蘇鬱來到慎刑司門口的時候,正好遇到了押著頌芝過來的那些人。頌芝一看到蘇鬱,立刻高聲叫著娘娘,卻被小太監們捂住了嘴。蘇鬱頓時拉下了臉,看向那小太監的眼神也變得淩厲了起來。內務府宮殿監的稽查太監李總管看到蘇鬱頓時一腦袋官司,忙一拂塵打在小太監身上,讓他放開頌芝。自己則陪著笑臉,快步走到了蘇鬱麵前。
“奴才見過皇貴妃娘娘,娘娘萬福金安。”
“嗬……”蘇鬱冷笑了一聲,“李總管,好大的威風,拿人都拿到我翊坤宮頭上來了。隻是不知本宮的頌芝,犯了什麼罪,要被押到這慎刑司啊?”

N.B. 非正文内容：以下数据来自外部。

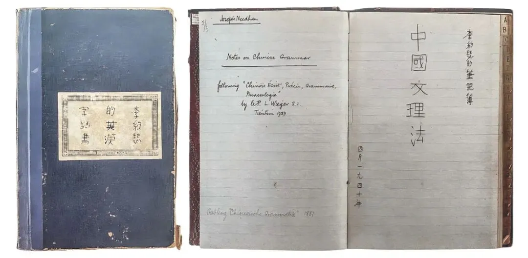 李约瑟虽然没有接受过学院式的汉语教育,但他凭借着“愚勇”的刻苦精神和善用科学方法的灵活头脑,领悟了中国古老会意象形符号的奥秘。李约瑟从读音入手学习汉语,他使用剑桥大学汉语教授威妥玛(T. Wade)和翟理思(H. Giles)创制的 “威妥玛-翟理斯式拼音”来标识汉字的读音,并大胆使用化学方法研究分析汉字的造字规律。他把汉字看作是化学分子,而部首为原子,整个汉字系统便是由214个原子用各种排列组合法构成的整体,他有效地运用分子和原子的概念帮助理解汉字字义和记忆汉字的字形[5]。外加剑桥汉语教授哈隆(G. Haloun)和鲁桂珍等人的加持,在书写和阅读古文献方面,李约瑟更是如虎添翼,汉字和汉语水平均达到了满足研究中国科技史的水平。中国科技史家凡见过李约瑟中文学习笔记者无不心生敬佩,有按读音分类总结的《李约瑟的英汉字话书》、有记录词组短句类的《行字典》、有繁简字参考的《中文简繁字对照表》,另外还自编《汉英字典》和《中国文理法》等。或许正是有了对中文的深度理解,李约瑟给自己取别号时才得心应手,而这也恰是戈革为李约瑟治印的缘起。
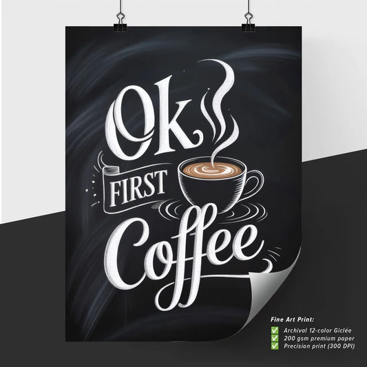Chalkboard Design: 'Ok, But First Coffee' with Illustrative Coffee Cup and Swirling Steam
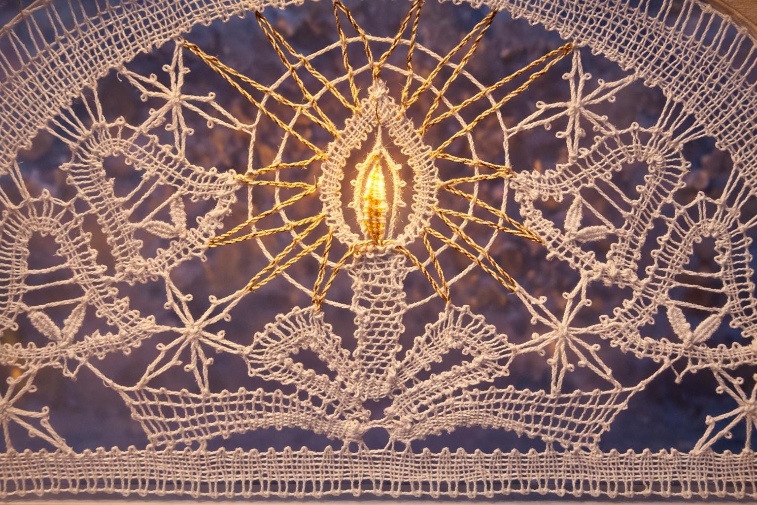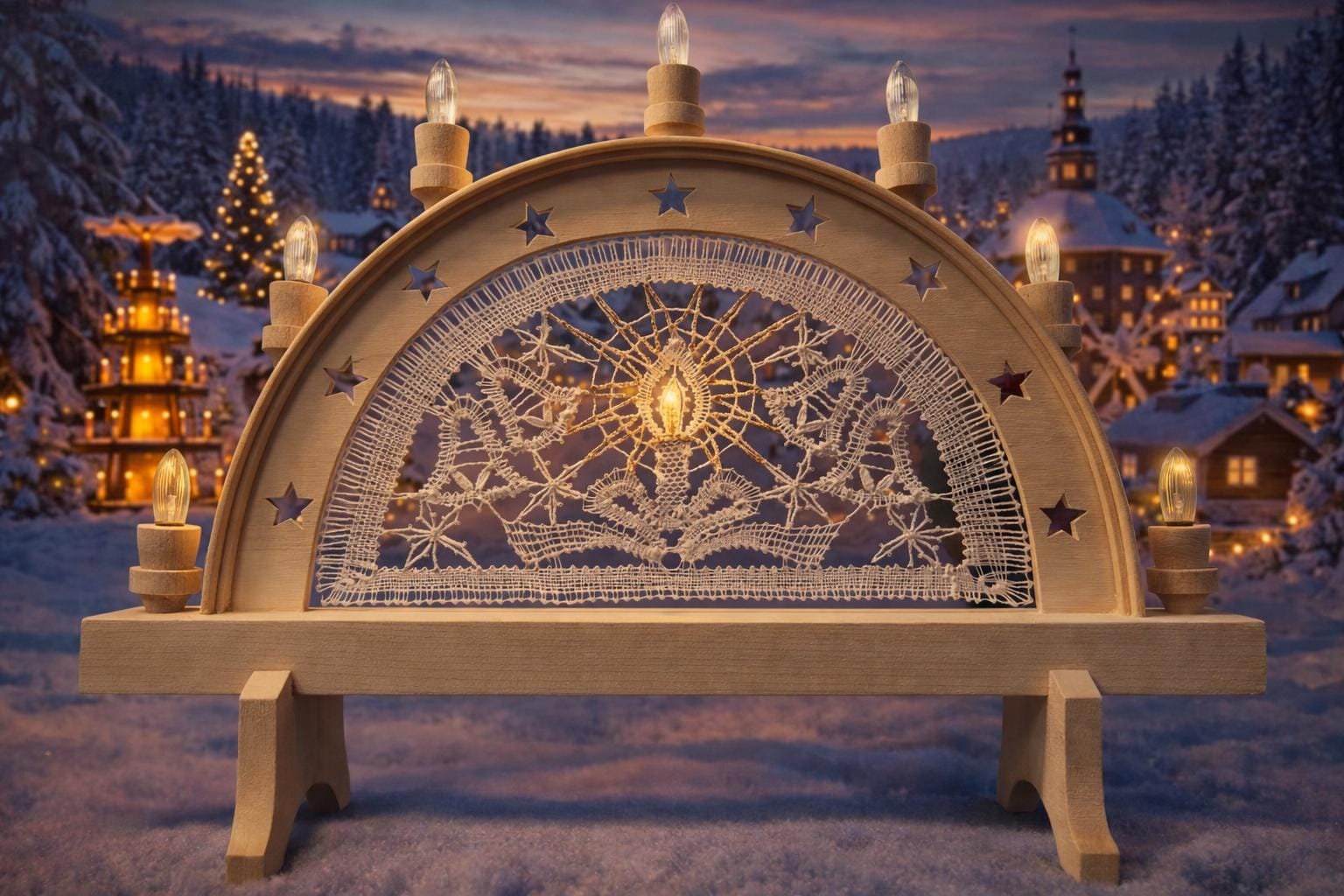 A different kind of candle arch/candle arch - Erzgebirge candle arch made of wood with 7 electric candles, cable with switch and a bobbin lace inlay.

“奴才惶恐!奴才也是奉了皇上的旨意,調查六阿哥落水之事。可是不巧,在臘梅樹下的土坡裡,發現了頌芝的腰牌。茲事體大,奴纔不得不查,這才叫頌芝姑娘過來問話。”李總管低著頭說道。
“你這架勢可不像是問話,若是問話,翊坤宮裡不能問嗎?要來這地方問!”
李總管腰彎得更低,額角沁出細汗,賠著小心回話,“娘娘恕罪,奴才也是按規矩來,慎刑司查案素來是這個章法,怕在彆處問,漏了什麼話頭。真的隻是問話,問清楚了,自然就放頌芝姑娘回去了。”
“慎刑司是個什麼地方,你當本宮不知道嗎?哪怕清清白白的人進去了,也得問出事情來!不過是塊腰牌,無憑無證的,你就敢把人抓過來。還是如此明目張膽從鹹福宮把人抓來,哪怕最後查明瞭頌芝與此事無關,你要後宮眾人如何看待她!我翊坤宮的人,不是犯人,由不得你們糟踐!周寧海!把人給我帶過來!”
周寧海早候在一旁,應聲上前,幾步就撥開架著頌芝的小太監,將人護到蘇鬱身側。頌芝手腕還留著太監指節的紅印,眼眶紅透,卻強忍著冇落淚,隻啞著嗓子喊了聲娘娘。
蘇鬱看了眼頌芝手腕上的紅痕,抬頭看向了李總管身後的人,“是你們兩個把她手腕弄傷的?真是好大的膽子!不知道她是伺候本宮的人嗎?她傷了腕子,還怎麼給本宮斟茶倒水!周寧海!”
周寧海沉聲應道在,跨步上前就攥住那兩個小太監的手腕,稍一用力,兩人便疼得齜牙咧嘴跪倒在地,連連磕頭求饒。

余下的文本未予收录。